* _Problem to solve_:
Restate the listing that follows word for word, without its pictures.

___ Data excerpt

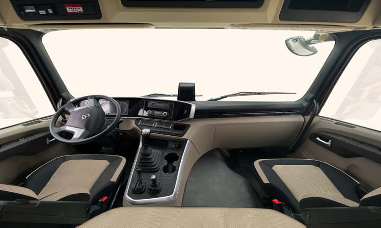 除了轻量化、高效率外,卡友的驾乘舒适度也得考虑到。尊龙凯时V7H燃气重卡内饰采用“轿车化”驾驶舱布局,各类开关触手可及,有效降低驾驶强度,提升驾驶体验。大范围软性包覆、悬浮式大尺寸液晶仪表、中控一体化设计,“一” 字整体贯穿式出风口,营造出极致科技感和强烈的视觉冲击。主驾座椅舒适性升级,标配多功能气囊座椅,实现腰托、坐垫调节和阻尼和速降功能,乘驾更平顺舒适。
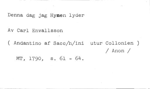 Denna dag jag Hymen lyder Av Carl Envalisson //// ( Andantino af Sacc/h/ini utur Collonien ) //// / Anon / ////MT, 1790, s. 61 - 64.
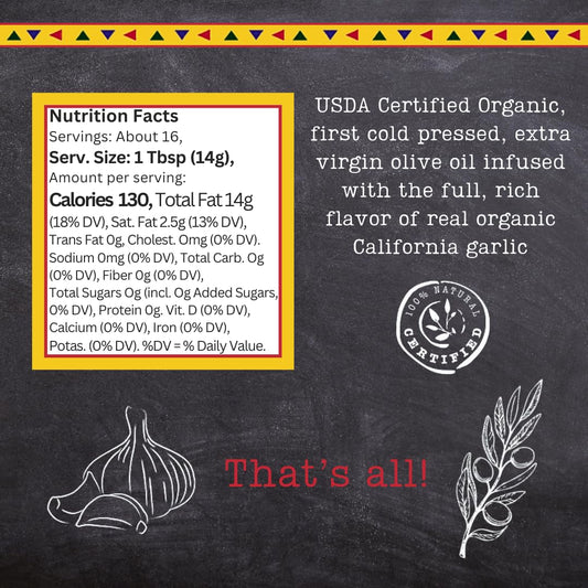 USDA Organic Garlic Gold Extra Virgin Olive Oil Infused with Garlic - Low FODMAP, Cold Pressed - 3 Pack of 250 mL Bottles

______

* _Task answer_:
 除了轻量化、高效率外,卡友的驾乘舒适度也得考虑到。尊龙凯时V7H燃气重卡内饰采用“轿车化”驾驶舱布局,各类开关触手可及,有效降低驾驶强度,提升驾驶体验。大范围软性包覆、悬浮式大尺寸液晶仪表、中控一体化设计,“一” 字整体贯穿式出风口,营造出极致科技感和强烈的视觉冲击。主驾座椅舒适性升级,标配多功能气囊座椅,实现腰托、坐垫调节和阻尼和速降功能,乘驾更平顺舒适。
 Denna dag jag Hymen lyder Av Carl Envalisson //// ( Andantino af Sacc/h/ini utur Collonien ) //// / Anon / ////MT, 1790, s. 61 - 64.
 USDA Organic Garlic Gold Extra Virgin Olive Oil Infused with Garlic - Low FODMAP, Cold Pressed - 3 Pack of 250 mL Bottles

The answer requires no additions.